Stored data entries

◆ ◆ ◆

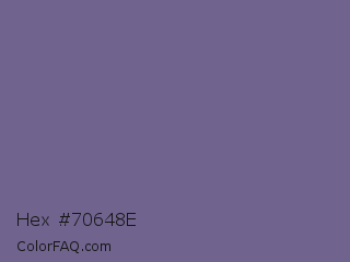 Hex #70648e Color is a normal indigo color and the nearest color is Rum #796989. Hex code #70648e and RGB value is rgb(112,100,142). In RGB color space, this color is composed of 44% red, 39% green, 56% blue, In CMYK color space, this color is composed of 21% cyan, 30% magenta, 0% yellow , 44% black , In HSL color space, this color has a hue angle of 257° , 17% saturation and 47% lightness.
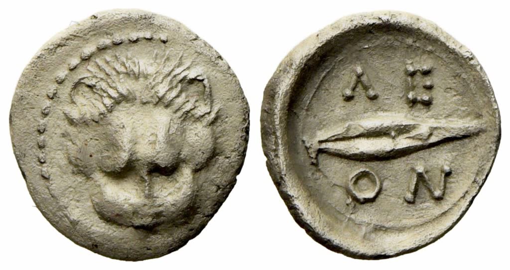 Facing lion's scalp, Rv. ΛΕ-ΟΝ, barley grain. Hirmer-Kraay 828; SNG ANS 213. Extremely fine. Slight porosity.
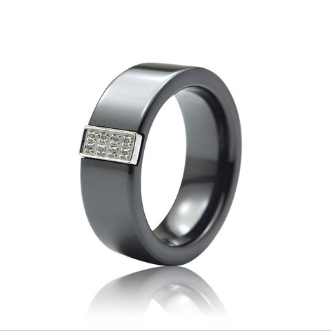 Nueva llegada Joyería de cerámica 6-8mm Diamante Negro Anillo de cerámica Anillo de bodas
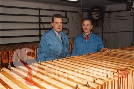 Ólafur Sigurjónsson og Vilhjálmur Stefánsson við vinnu sína í Lifrarsamlagi Vestmannaeyja.
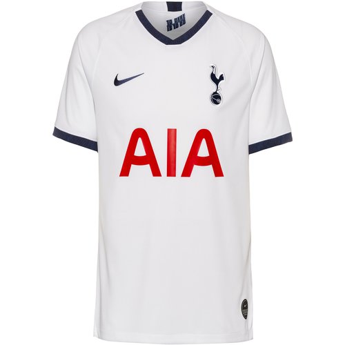 Nike TOTTENHAM HOTSPUR 19/20 HEIM. Heimtrikot von Tottenham Hotspur für die Saison 2019/2020; V-Ausschnitt; Kragen und Ärmelabschlüsse mit Rippbündchen; Logo-Print, Wappen und Sponsorenprint auf der Vorderseite; Mesh-Einsatz im Nacken für Ventilation; feuchtigkeitsregulierendes Dri-FIT-Material; hoch atmungsaktiv; Material 100 % Polyester.
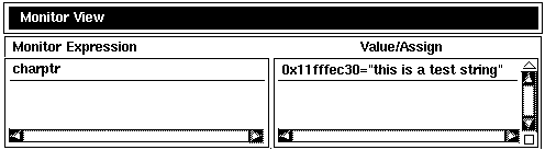 If you select the name of a pointer (access) variable and click on the Monitor push button, the debugger displays the address and value of the referenced object in the Value/Assign column of the Monitor View (see Figure 4-12).
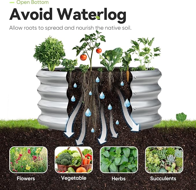 - 【Rolled Edge Design, Open Bottom】The rolled edges of the iron sheets prevent cuts during installation or planting, making it safe to use around pets and children. The open base design prevents water accumulation and rot, allowing roots to breathe better and providing a healthy environment for plant roots.
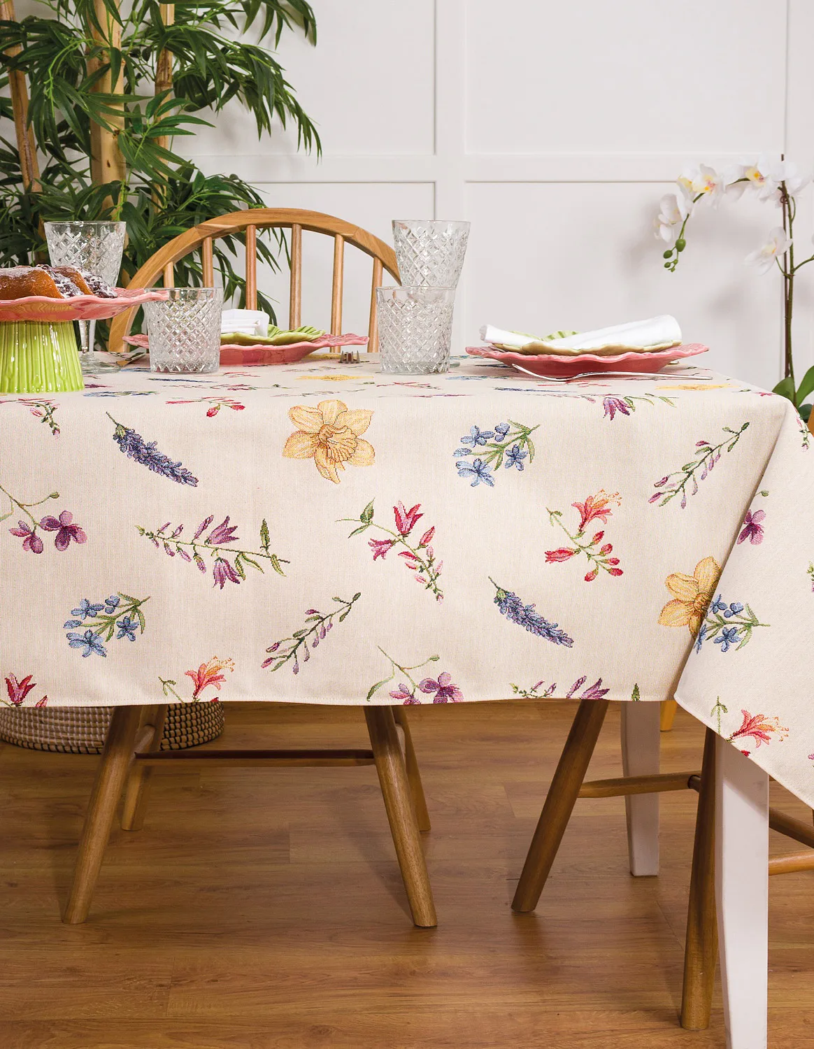 Ubrus Fragant Allover s rozličnými barevnými květy je ideální doplněk pro každou příležitost. Jemný design s rustikálním nádechem se pojí s praktičností díky pevnému a odolnému materiálu.
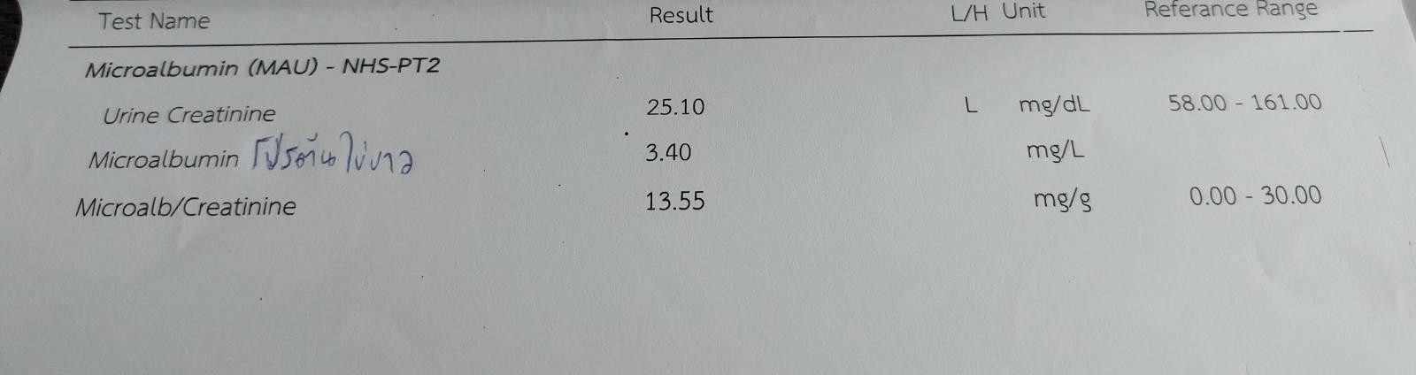 ด.5/61 ผลตรวจ creatinine 0.89 mg/dl eGFR 113.13 ml/min FBS 99 mg/dl ด.8/62 ผลตรวจ creatinine &nbs
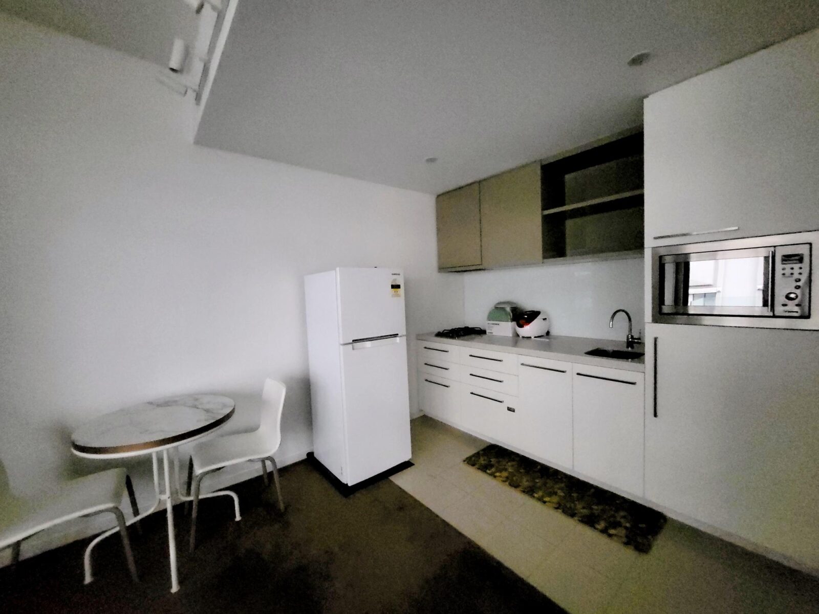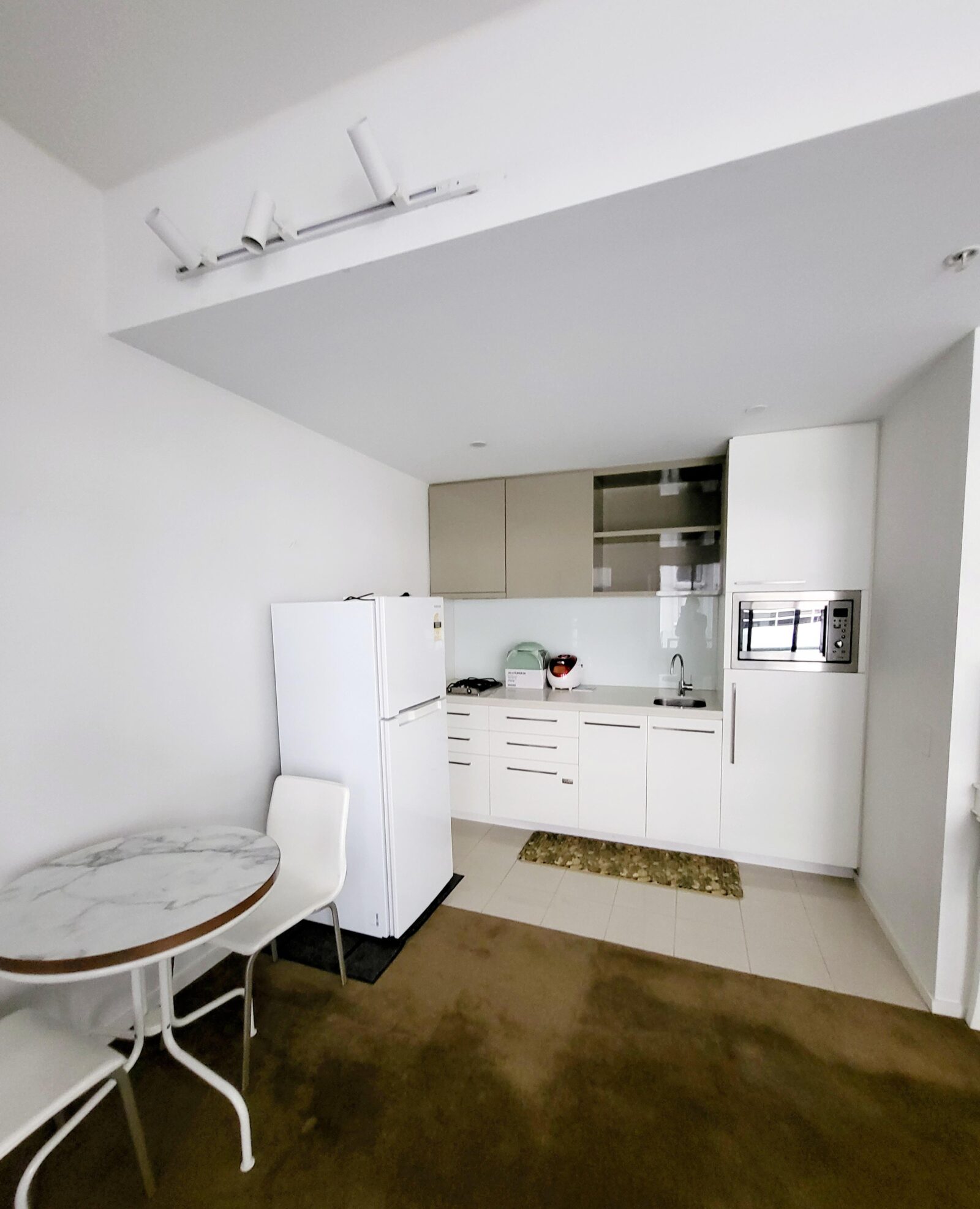 • Modern kitchen with stone benchtop, gas cooktop, microwave, and fridge
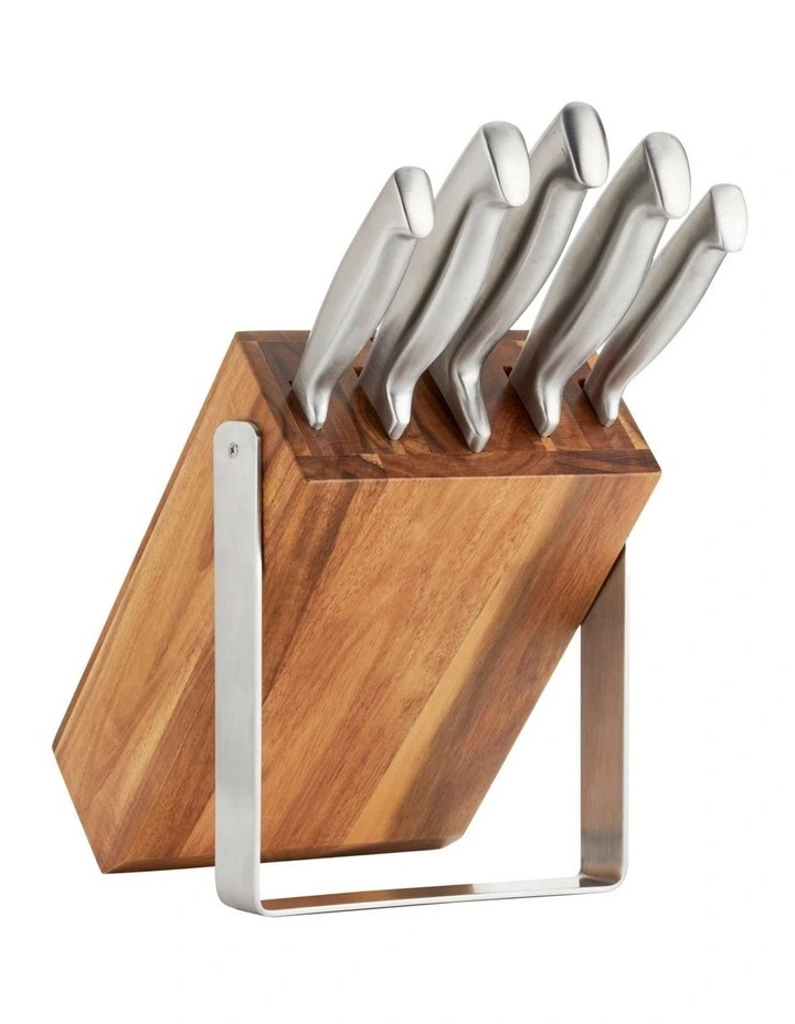 A stylish block designed to store the knives on an angle for easy selection and withdrawal. The block houses the five essential knives to cover all cutting tasks in the kitchen.

◆ ◆ ◆

### TASK DESCRIPTION
Repeat the records above verbatim. Include none of the pictures.

### PROBLEM SOLUTION
 Hex #70648e Color is a normal indigo color and the nearest color is Rum #796989. Hex code #70648e and RGB value is rgb(112,100,142). In RGB color space, this color is composed of 44% red, 39% green, 56% blue, In CMYK color space, this color is composed of 21% cyan, 30% magenta, 0% yellow , 44% black , In HSL color space, this color has a hue angle of 257° , 17% saturation and 47% lightness.
 Facing lion's scalp, Rv. ΛΕ-ΟΝ, barley grain. Hirmer-Kraay 828; SNG ANS 213. Extremely fine. Slight porosity.
 Nueva llegada Joyería de cerámica 6-8mm Diamante Negro Anillo de cerámica Anillo de bodas
 Ólafur Sigurjónsson og Vilhjálmur Stefánsson við vinnu sína í Lifrarsamlagi Vestmannaeyja.
 Nike TOTTENHAM HOTSPUR 19/20 HEIM. Heimtrikot von Tottenham Hotspur für die Saison 2019/2020; V-Ausschnitt; Kragen und Ärmelabschlüsse mit Rippbündchen; Logo-Print, Wappen und Sponsorenprint auf der Vorderseite; Mesh-Einsatz im Nacken für Ventilation; feuchtigkeitsregulierendes Dri-FIT-Material; hoch atmungsaktiv; Material 100 % Polyester.
 If you select the name of a pointer (access) variable and click on the Monitor push button, the debugger displays the address and value of the referenced object in the Value/Assign column of the Monitor View (see Figure 4-12).
 - 【Rolled Edge Design, Open Bottom】The rolled edges of the iron sheets prevent cuts during installation or planting, making it safe to use around pets and children. The open base design prevents water accumulation and rot, allowing roots to breathe better and providing a healthy environment for plant roots.
 Ubrus Fragant Allover s rozličnými barevnými květy je ideální doplněk pro každou příležitost. Jemný design s rustikálním nádechem se pojí s praktičností díky pevnému a odolnému materiálu.
 ด.5/61 ผลตรวจ creatinine 0.89 mg/dl eGFR 113.13 ml/min FBS 99 mg/dl ด.8/62 ผลตรวจ creatinine &nbs
 • Modern kitchen with stone benchtop, gas cooktop, microwave, and fridge
 A stylish block designed to store the knives on an angle for easy selection and withdrawal. The block houses the five essential knives to cover all cutting tasks in the kitchen.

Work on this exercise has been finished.